Page 96 of Across the Boards

A silence falls between us, heavy with unspoken questions. Finally, he breaks it. “I’m sorry I lost my cool out there. That’s not... I don’t usually...”

“I know,” I assure him. Sarah had indeed explained that Brody was known for his level-headedness on the ice. “Sarah told me it wasn’t in character for you. Which makes the fact that you went absolutely feral over Jason insulting me even more notable.”

“Feral is a strong word.”

“But accurate.” I keep my tone neutral, giving nothing away. “What did he say to you out there? Before the fight?”

He hesitates, clearly reluctant to repeat whatever was said. “Nothing worth repeating.”

“Brody.” I make my voice firm. “I need to know what I’m dealing with. What did he say?”

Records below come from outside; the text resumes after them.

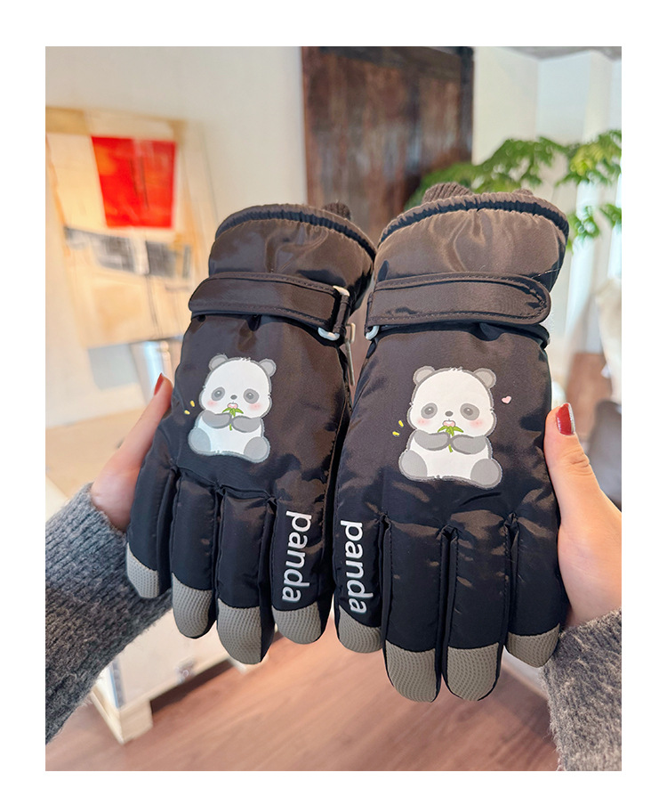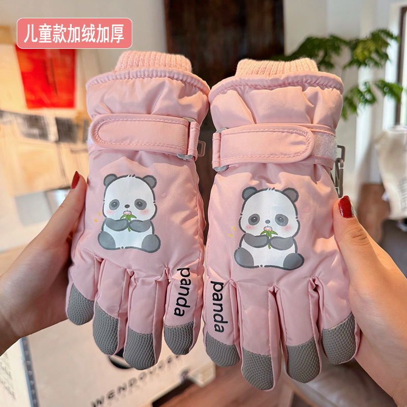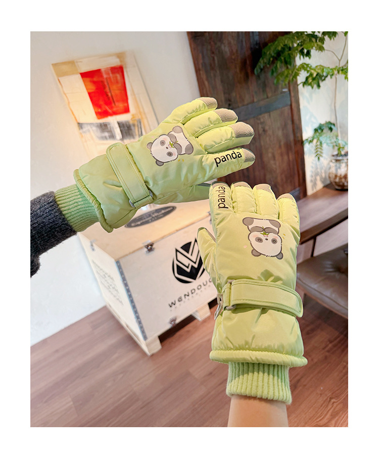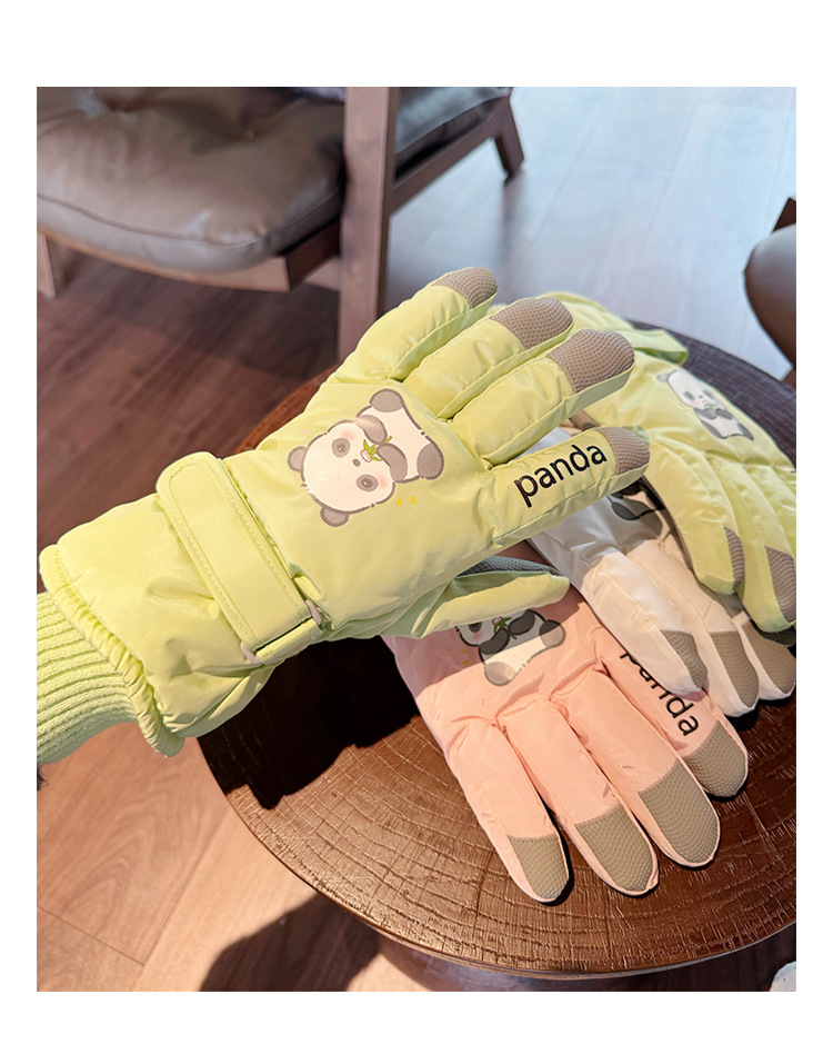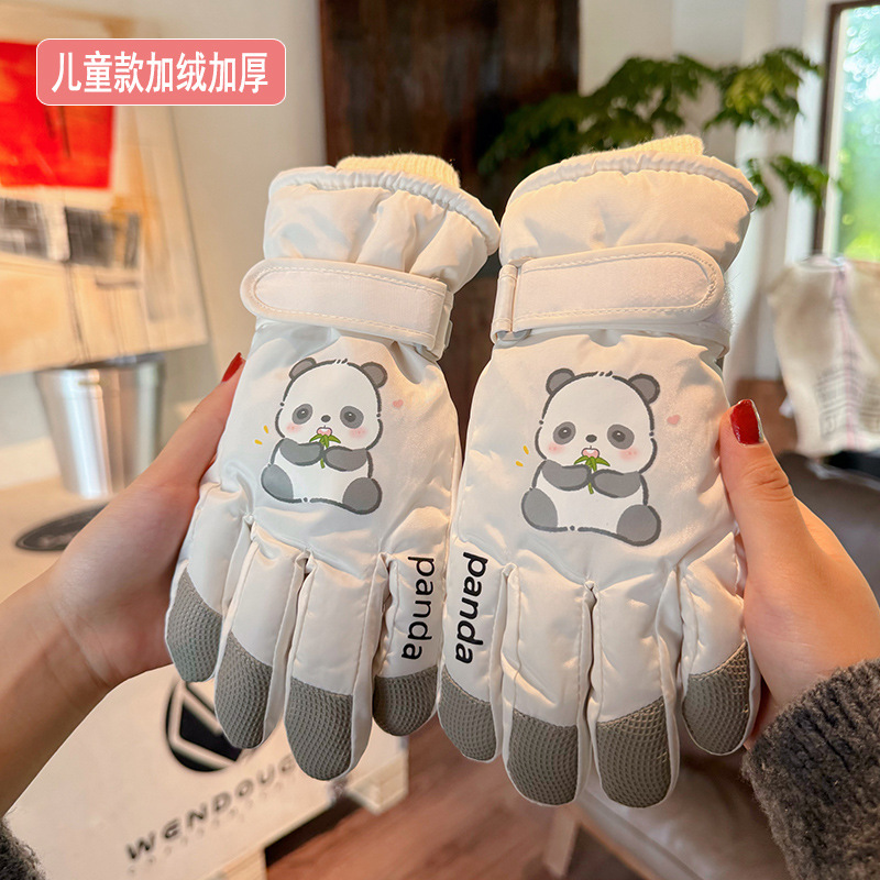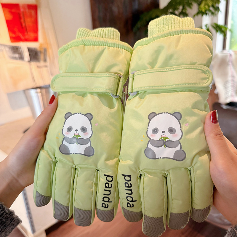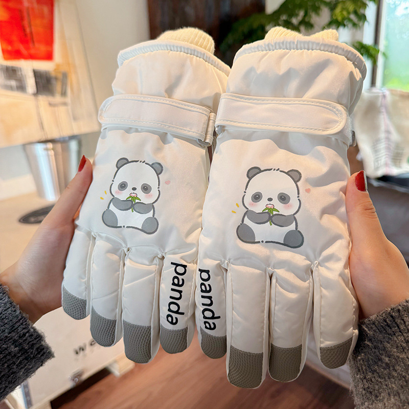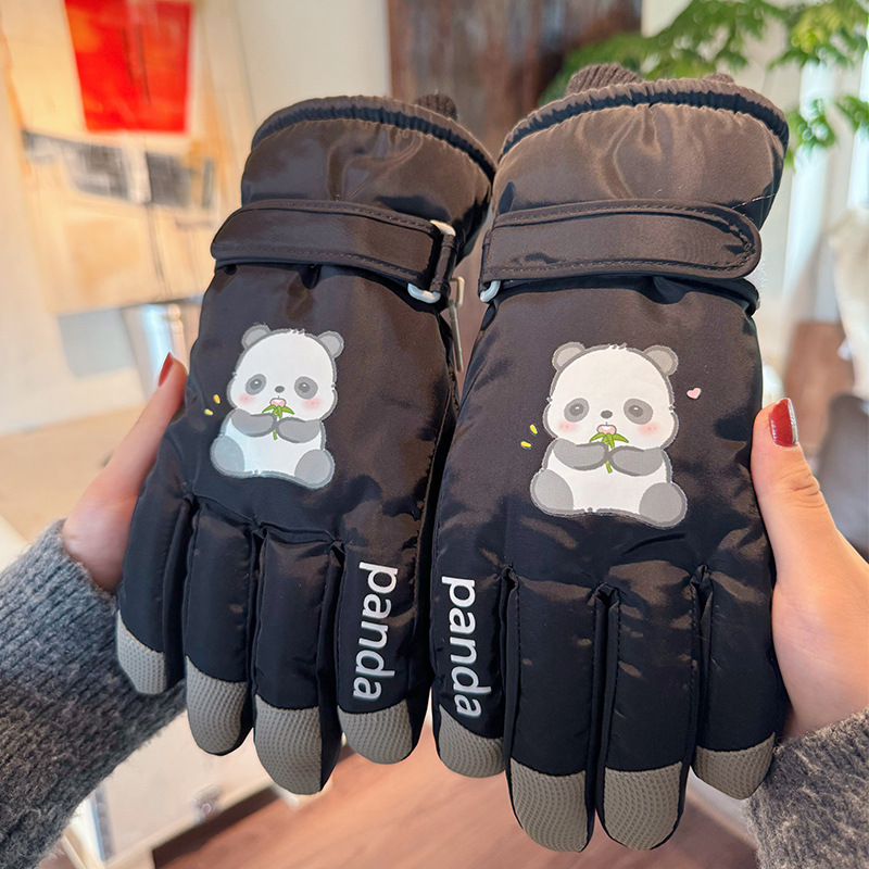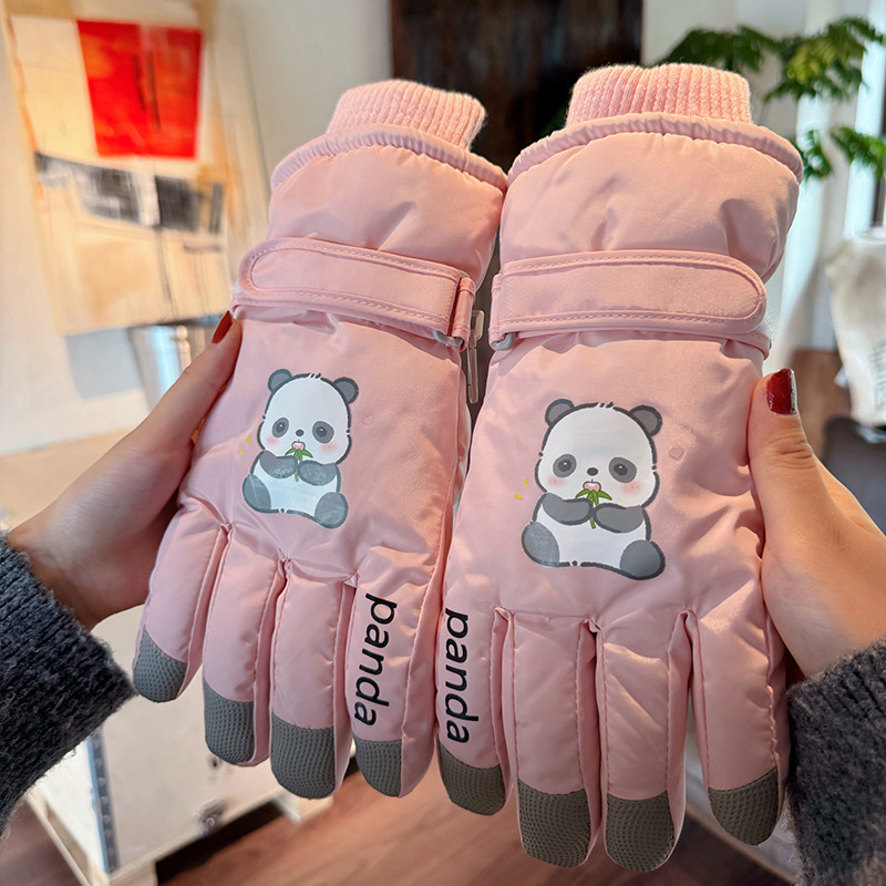 새로운 겨울 스노우 보드 따뜻한 장갑 여성 만화 어린이 학생 기모 방수 라이딩 5 손가락 야외 터치 스크린
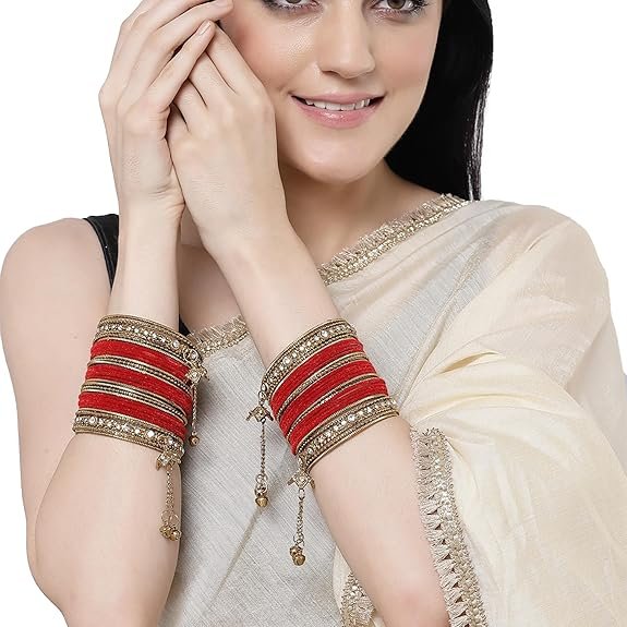 This gold plated brass diamond bangle bracelet set is crafted to elevate your festive and special occasion look. Featuring a refined pave setting with diamond detailing and a secure fold-over clasp, it offers elegance, comfort and durability. Perfect for weddings, anniversaries and gifting moments, this jewellery set adds timeless charm to any outfit.
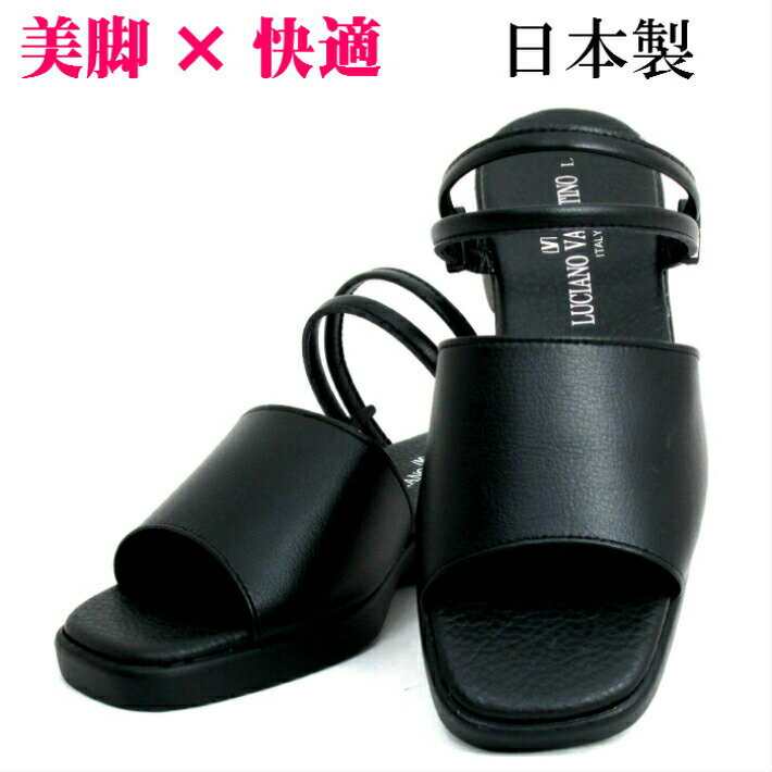サンダル レディース 22.0-25.0cm 靴 女性 オフィス ルチアノ バレンチノ LUCIANO VALENTINO 3915 3905 黒 ブラック 事務 デスクワーク 会社 快適 美脚 6.5cmヒール 日本製 高品質 イタリア発信
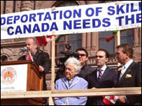 کینیڈا کے شہر ٹورانٹو میں غیرقانونی تارکین وطن خصوصا کنسٹرکشن ورکرز کے حق میں یونیورسل ورکرز یونین کے تعاون سے ایک زبردست مظاہرہ ہوا۔ ٹورانٹو ڈاؤن ٹاؤن میں واقع صوبائی اسمبلی کوئنز پارک کے سامنے منعقد ہونے والی اس پرامن ریلی میں صوبہ انٹاریو کے مختلف شہروں ٹورانٹو، مسی ساگا، وان، ہملٹن، برامپٹن، لندن، سکاربورو سے بڑی تعداد میں لوگ مظاہرے میں شریک ہوئے۔ مظاہرین نے حالیہ دنوں میں کینیڈا سے ملک بدر کیے جانے والے غیرقانونی تارکین وطن کے حق میں زبردست نعرے لگائے اور حکومت کی ان کارروائیوں کی زبردست مذمت کی۔ ریلی کا آغاز کینیڈا کا قومی ترانہ بجاکر کیا گیا۔ مظاہرین اور مقررین نےغیرقانونی تارکین وطن کو ملک بدر کرنے کے خلاف اپنا احتجاج جاری رکھنے کا اعلان کیا۔ کوئنز پارک کے سامنے ہونے والی اس ریلی میں ہزاروں افراد نے شرکت کی۔ شرکاء نے رنگ برنگے جھنڈے اور بینر اٹھا رکھے تھے۔ ان بڑے بڑے پوسٹروں پر مختلف پیغامات درج تھے۔ مثلا ایک پوسٹر پر لکھا تھا: ’ہمیں کینیڈا میں بہتر مستقبل کیلئے کام کرنے دو۔‘ ایک سکولی طالبہ نے پوسٹر اٹھا رکھا تھا جس پر یہ نعرہ درج تھا: ’ملک بدر کی جانے والی پرتگالی فیملی کو واپس لاؤ۔‘ ایک پوسٹر پر لکھا تھا: ’ملک بدر کئے جانے والوں کا تعلق یہاں سے ہے ناکہ وہاں سے۔‘ ایک اور پوسٹر کے مطابق ’ایماندار اور محنتی لوگو ں کو کینیڈا میں رہنے دو۔‘ تمام مقررین نے انگریزی اور اپنی مادری زبانوں میں مظاہرین سے خطاب کیا۔ مقررین نے مظاہرین کا شکریہ ادا کیا اور کہا کہ ’اس ملک کے لیے آپ کی خدمات قابل تعریف ہیں۔ یہاں آکر آپ نے ملک کے تمام لوگوں کے ساتھ ملکر آج آواز اٹھائی ہے اور یہ مطالبہ کیا ہے کہ کینیڈا کی حکومت امیگریشن قوانین میں تبدیلی کرے اور انہیں زیادہ منصفانہ بنائے۔‘ رکن پارلیمنٹ واجد علی خان نے کہا: ’مجھے پورے مجمع میں کوئی دہشت گرد نظر نہیں آرہا تو پھر حکومت کیوں معصوم لوگوں کو ملک بدر کررہی ہے۔‘ سٹی آف مسی ساگا کی میئر نے اپنے خطاب میں کہا کہ اس ملک میں تیس سال سے امیگریشن سیسٹم میں موجود نقائص کو بہتر بنانے کی شدید ضرورت ہے۔ اگر یہ سیسٹم ٹھیک ہوتا تو آج ہم کو یہاں جمع ہونے کی ضرورت نہ پڑتی۔ صوبہ انٹاریو کے وزیر امیگریشن مائیکل کول نے اپنی تقریر میں کہا کہ ماضی کے وفاقی وزراء امیگریشن سے متعلق اپنے وعدوں پر پورے نہ اترے جس کا نتیجہ یہ ہے کہ پڑھے لکھے لوگوں کے ساتھ کیا حال ہورہا ہے۔ مقررین نے کہا کہ ’اگر مزدوری کرنا جرم ہے تو ہم سب مجرم ہیں۔‘ یاد رہے کہ کینیڈا کے ترقی یافتہ صوبے انٹاریو میں ہر سال ڈیڑھ لاکھ کے قریب امیگرنٹس آرہے ہیں۔ ان میں کنسٹرکشن ورکرز اہم کردار ادا کررہے ہیں۔ گزشتہ چند ہفتوں میں کینیڈا سے سینکڑوں افراد کو جو کہ غیرقانونی طور پر مقیم تھے ملک بدر کردیا گیا ہے۔ | اسی بارے میں کینیڈا کے انتخابات، ایشیائی رنگ20 January, 2006 | آس پاس ائیر انڈیا دھماکہ، فیصلہ بدھ کو14 March, 2005 | آس پاس کینیڈا:اپوزیشن کی جیت24 January, 2006 | آس پاس ’دہشت گردوں کی پناہ گاہ نہیں ہیں‘11 December, 2003 | آس پاس امریکہ کے بیس شہروں میں مظاہرے11 April, 2006 | آس پاس | ||||||||||||||||||||||||||||||||||||||||
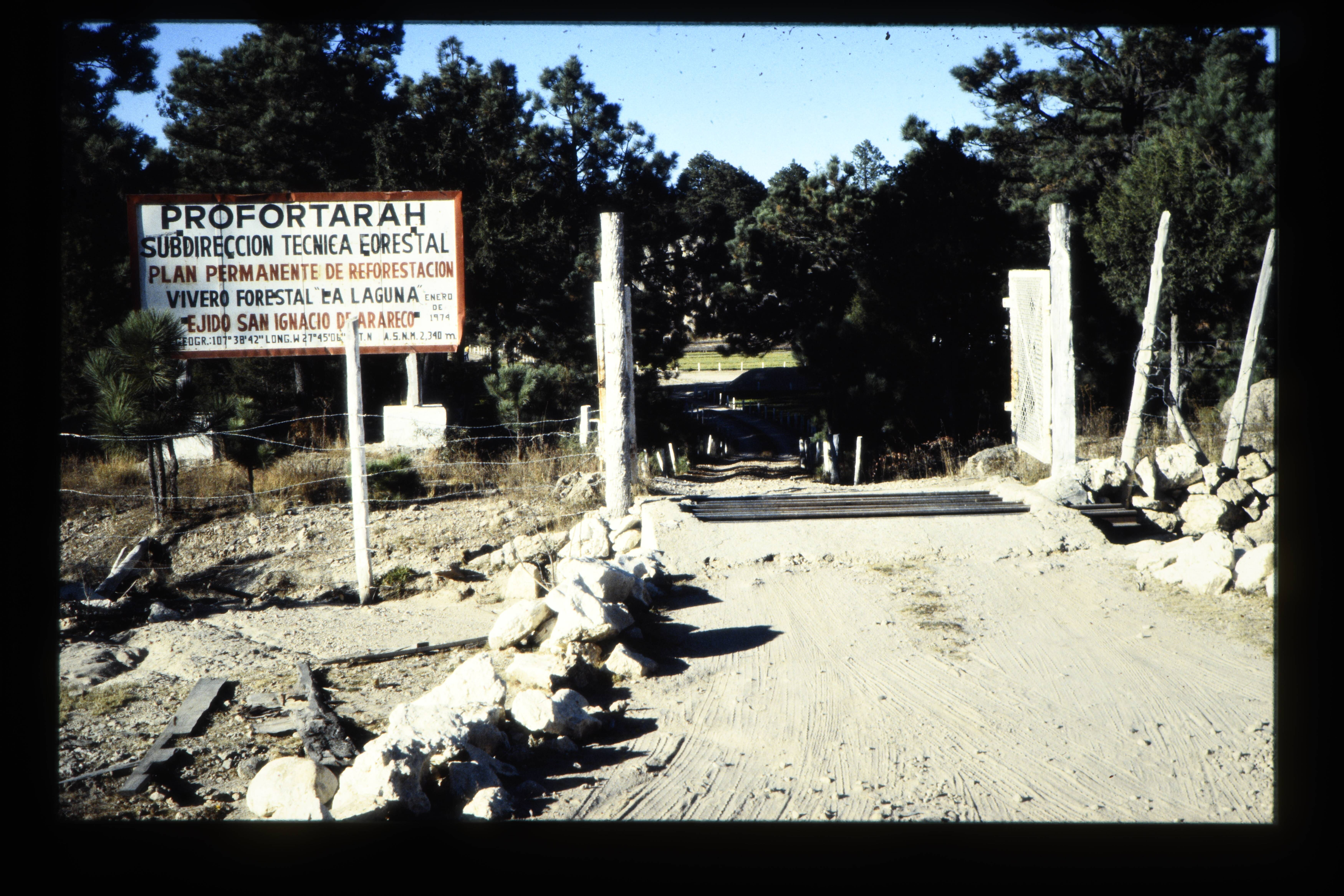 'Hoofdingang van buitenverblijf (boomkwekerij). '
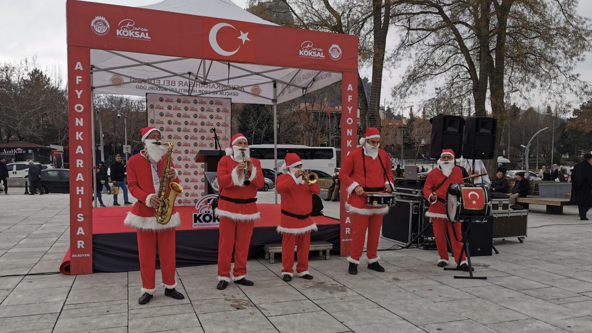 Belediye tarafından düzenlenen etkinlikte Noel Baba kostümlü müzisyenler Zafer Meydanı’nda ilimiz halkına müzik resitali sundu.

With obvious reluctance, he relays the gist of Jason’s provocations—cruel, sexually demeaning comments about me, designed to provoke exactly the reaction they achieved. I maintain my composure, though each word is like a small knife turning in old wounds. Of course Jason would stoop to this level. Of course he would use the most intimate details of our relationship as weapons.

“I’m not surprised,” I say when Brody finishes. “He was always really good at knowing exactly what to say to cut deepest.”

“I shouldn’t have taken the bait,” Brody admits. “Coach warned us not to engage, and I-“

“Defended my honor like some medieval knight?” I raise an eyebrow. “Very gallant. Also completely unnecessary.”

“I know,” he runs a hand through his still-damp hair. “I just... when he made that gesture, looking right at you, something snapped.”

I study him for a long moment, this man who found my integrity worth fighting for. Who lost his professional composure because Jason disrespected me. It’s unnecessary, outdated, perhaps even slightly problematic from a feminist perspective.

And yet, oddly touching.

I step forward and gently press my fingertips to the bruise forming along his jaw. “Thank you,” I say softly. “For caring enough to lose your composure. It was stupid and reckless and professionally inadvisable, but... thank you.”

Relief floods his expression. “You’re not mad?”

“Oh, I’m definitely mad that you thought I needed protecting,” I clarify, keeping my touch gentle. “But I’d be lying if I said watching you knock Jason on his ass wasn’t at least a little satisfying.”

He grins despite the pain. “Just a little?”

“Don’t push your luck, Carter.” But I’m smiling too, a strange lightness filling me despite the drama of the evening. “Come on, let’s get you home and properly iced. You look like you went a few rounds with a brick wall.”

“You should see the brick wall,” he counters, falling into step beside me as we head toward the parking lot.

As we exit the arena, I’m acutely aware of still wearing his jersey, of making this public declaration despite the spectacle we’ve just been part of. I’m Elliot Waltman, wearing Brody Carter’s jersey after watching him fight my ex-husband. It’s so far from the life I’ve built these past three years that it should terrify me.

Instead, I feel something like peace. Like I’ve finally faced the ghost that’s been haunting me and found it far less powerful than I feared.

“You know the whole team is going to be talking about this,” Brody says as we reach his car. “You in my jersey, the fight with Jason. Hockey players gossip worse than teenagers.”

“Let them talk.” I shrug, his oversized jersey shifting on my shoulders. “I spent three years avoiding the hockey world because I was afraid of the gossip, the sideways glances, the pity. I’m done hiding.”

And in that moment, I realize it’s true. Completely, utterly true. I wore Brody’s jersey tonight not just to make a statement to Jason, but to reclaim my right to be here. To exist in spaces I’ve avoided out of fear and shame. To move forward on my own terms.

Brody’s looking at me with something like awe, a bruise blooming on his jaw from a fight he shouldn’t have started. It’s ridiculous and imperfect and nothing like the careful, controlled life I’ve built.

But as I reach for his hand, twining my fingers with his, I realize it might be exactly what I need.

24

BRODY

The drive back to our complex is quiet, the adrenaline of the evening finally giving way to exhaustion. My jaw throbs dully, a reminder of impulsive actions and their consequences. But when I glance over at Elliot—tired but relaxed, still wrapped in my jersey—I can’t bring myself to regret a thing.

“Coming in for coffee?” she asks as we park in front of our townhouses. “Real coffee this time.”